Q: Sonya Stokes, I'm an emergency physician at Saint Francis Memorial Hospital. My question is about potential gaps in our syndromic surveillance. In outpatient clinical settings, we are typically using rapid influenza diagnostic tests for patients with flu-like illness. When practicing in rural communities and Mendocino and Sonoma counties, positive RADTs are not sent to DPH. They are immediately discarded unless these patients require hospitalization. Now it is known these tests are unable to distinguish between influenza A subtypes. Given we are seeing unseasonable cases of influenza A in multiple regions, including I have personally diagnosed four in the past four weeks, what is the likelihood we are missing cases of H5N1 and instead misdiagnosing flu A, especially in catchment areas where patients have high contact with cattle and poultry?

 

Q: Devi Sridhar, University of Edinburgh. The April 1 confirmed case, was that cow to human or was that poultry to human? Are you able to see that they're actually getting it from cattle?

 

Nirav Shah:

Taking those in reverse order. Debbie, that was cow to human based on the lack of exposures to any other poultry or tiny poultry. I'll come back to the diagnostics question.

 

Rochelle, on the question of international collaboration, I'd be remiss if one of the keys to our international collaboration, I didn't call out Dr. Gawande is here. He and his team at USAID are critical to that. CDC’s influenza division also has over two decades of bilateral relationships with influenza laboratories and clinicians in a number of states, including via the WHO. We’re on a number of panels where we're sharing a lot of the scientific information that I've discussed here today in real time. We have not seen significant increases in H5 activity that are above the norm for what we might see, based on where the country is located. There are periodic flare ups of H5, typically associated with poultry, and then in Vietnam, more cases of H7 that we've seen recently there. All of this is on our website, thankfully, but we keep very close tabs on these things. There have been recent cases in Cambodia, one in India, etc. So we're in very close contact because of the implications.

 

There was a question from Bruce around who makes the call, it's a collective decision. It's not only one single person. As you can imagine, there are myriad dynamics and tradeoffs here, and so it would be unfair, almost inhuman, to task one person with carrying the weight of that decision. It's a collective of folks, some of which are at CDC, some of which are broader at HHS, some of which are down the street here. Regarding misdiagnosis of potential H5 cases, that is a risk of misdiagnosis in any infectious disease situation, particularly in situations where the baseline prevalence is increasing. We don't have any evidence that that's happening based on the testing that we've done so far. But as we're thinking about the models that we undertake, that's always a consideration that we have in our sensitivity analysis. Again, I wish we had better data around testing. We're getting there, but it's a task right now.

 

Thomas Bollyky:

We have one minute left. What has your experience being a state official during COVID-19 brought you in this response that perhaps not all your CDC colleagues have, or those from other agencies that have been involved in this response?

 

Nirav Shah:

So you know, we don't have I'll be I'll get it done in a minute. We don't have a national public health system in the United States, but what we do have is a nationwide public health system and the effector arms of that public health system are state and local health departments: county, city and state health departments.
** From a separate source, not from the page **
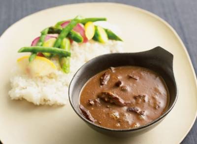 牛すじ肉をカリッカリに焼いてから煮込み、スパイスとルーのダブル使いで仕上げるカレー。牛すじ肉のコリコリとした食感を楽しみます。マイルドなカレーですが、辛いものが苦手な人は、はちみつなどを足すとさらにおいしく食べられます。

We can talk about all we want to in Atlanta, but the job is done at the local level, and so having that perspective has been really critical as we think about policies from a public health lens.

 

Thomas Bollyky: 

Great. I want to thank Dr. Shah for joining us today and all of you. Apologies again for those questions I didn't get to. I also want to thank my colleagues for organizing this event. As I mentioned, we will post this video as fast as we can.